Reviewing Findings of Fact by the Trial judge
11

The circumstances in which an appellate court would review findings of fact by a trial court are by now too well known to require rehearsal. See Beacon Insurance Company Limited v Maharaj Bookstore Limited [2014] UKPC 21 1, Petroleum Company of Trinidad and Tobago v Stanley Ryan and Anor [2017] UKPC 30 at

paragraph 15 2, Harracksingh v Attorney General of Trinidad and Tobago [2004] UKPC 3, Bahamasair Holdings Limited v Messier Dowty Inc [2018] UKPC 25 3. Those circumstances have been repeated as recently as this year in the case of Pleshakov v Sky Stream Corporation and Ors [2021] UKPC 15. Reference will therefore be made only to two of the more recent reiterations of those principles as summarized in recent decisions of the Privy Council
12

The Judicial Committee in Bahamasair Holding Limited v Messier Dowty Inc adopted the approach propounded by Lord Reed in Mc Graddie. Lord Kerr under the heading

The proper approach to the review by an appellate court to (sic) the findings of a trial judge” stated (all emphasis added):-
  • 32. As was observed in DB v Chief Constable of the Police Service of Northern Ireland [2017] UKSC 7, para 78 the United Kingdom Supreme Court on a number of occasions recently has had to address the issue of the proper approach to be taken by an appellate court to its review of findings made by a judge at first instance. And, as was said in that case, perhaps the most useful distillation of the applicable principles is to be found in the judgment of Lord Reed in the case of McGraddie v McGraddie [2013] UKSC 58; [2013] 1 WLR 2477.
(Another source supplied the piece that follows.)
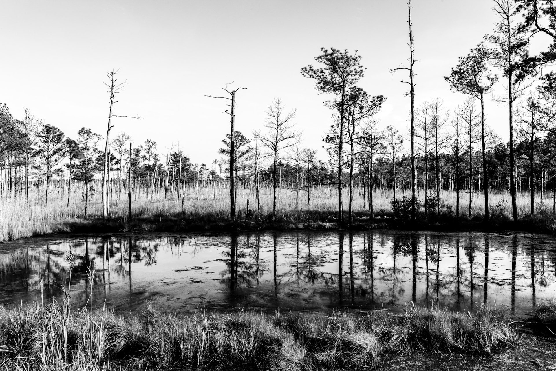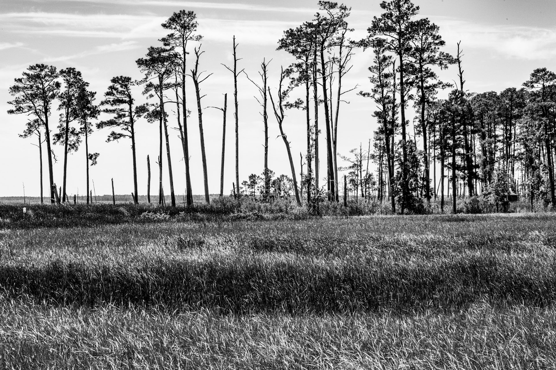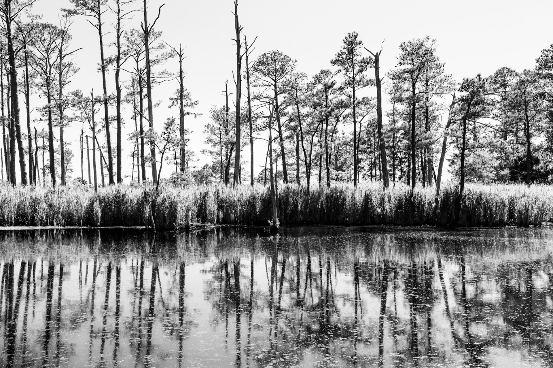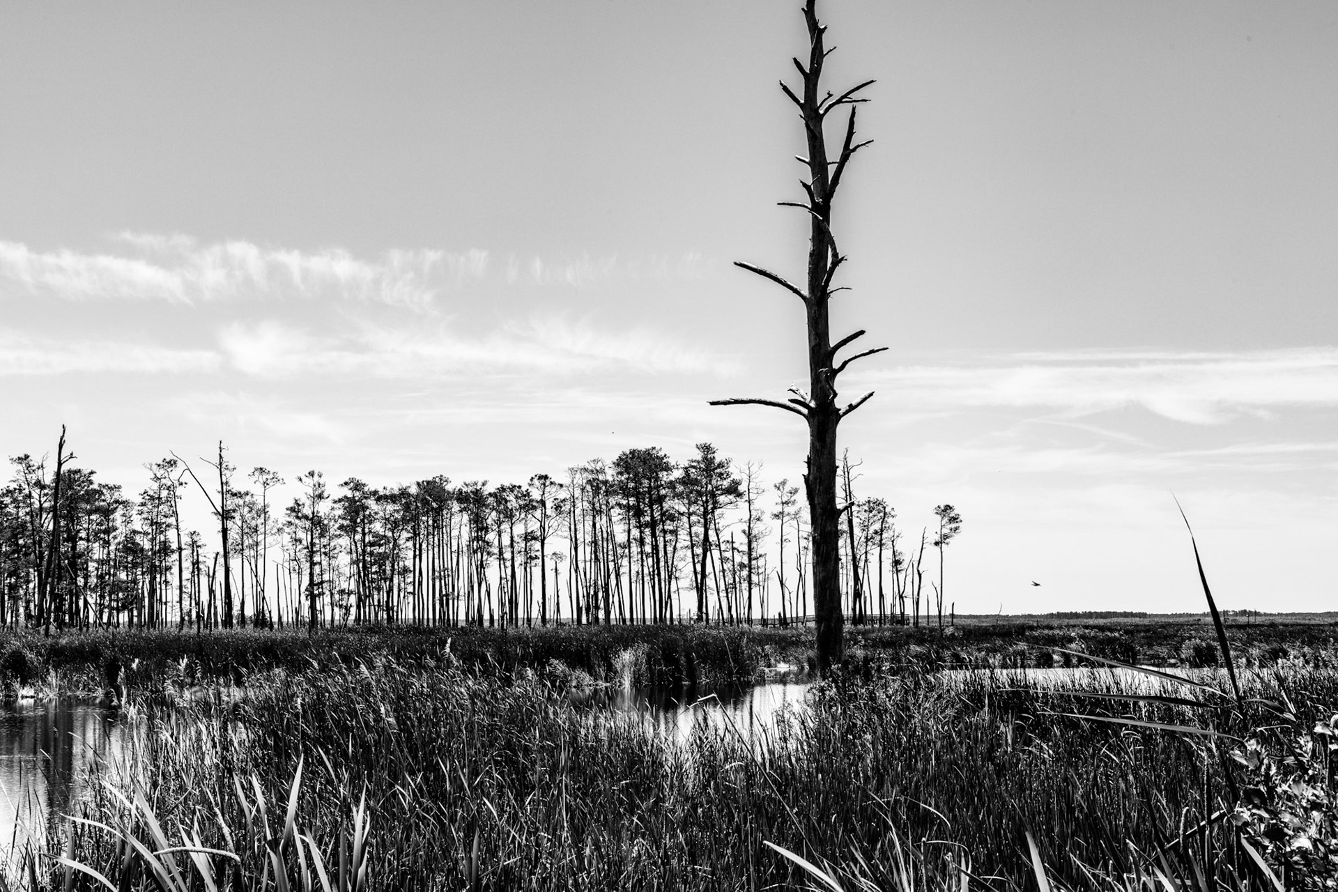 Ghost Forest is an ongoing project that uses photography to engage with the impact of climate change on the landscape. Created in the Chesapeake Bay watershed, these photographs explore coastal forest diebacks known as ghost forests. The Mid-Atlantic region of the United States is among the areas experiencing the fastest rate of sea level rise. As sea levels rise, saltwater encroaches upon coastal areas, leading to the death of trees and the transformation of the landscape into tidal marshes.

  • 33. In para 1 of his judgment Lord Reed referred to what he described as “what may be the most frequently cited of all judicial dicta in the Scottish courts” — the speech of Lord Thankerton in Thomas v Thomas [1947] AC 484 which sets out the circumstances in which an appeal court should refrain from or consider itself enabled to depart from the trial judge's conclusions. Lord Reed's comprehensive and authoritative discussion ranged over the speech of Lord Shaw of Dunfermline in Clarke v Edinburgh & District Tramways Co Ltd (1919) SC (HL) 35, 36–37, where he said that an appellate court should intervene only if it is satisfied that the judge was “ plainly wrong”; the judgment of Lord Greene MR in Yuill v Yuill [1945] P 15, 19, and the speech of Lord Hope of Craighead in Thomson v Kvaerner Govan Ltd [2003] UKHL 45; 2004 SC (HL) 1, para 17 where he Stated that: “It can, of course, only be on the rarest of occasions, and in circumstances where the appellate court is convinced by the plainest of considerations, that it would be justified in finding that the trial judge had formed a wrong opinion.”

  • 34. Lord Reed then considered foreign jurisprudence on the subject in paras 3 and 4 of his judgment as follows: “3. The reasons justifying that approach are not limited to the fact, emphasised in Clarke's case and Thomas v Thomas, that the trial judge is in a privileged position to assess the credibility of witnesses' evidence.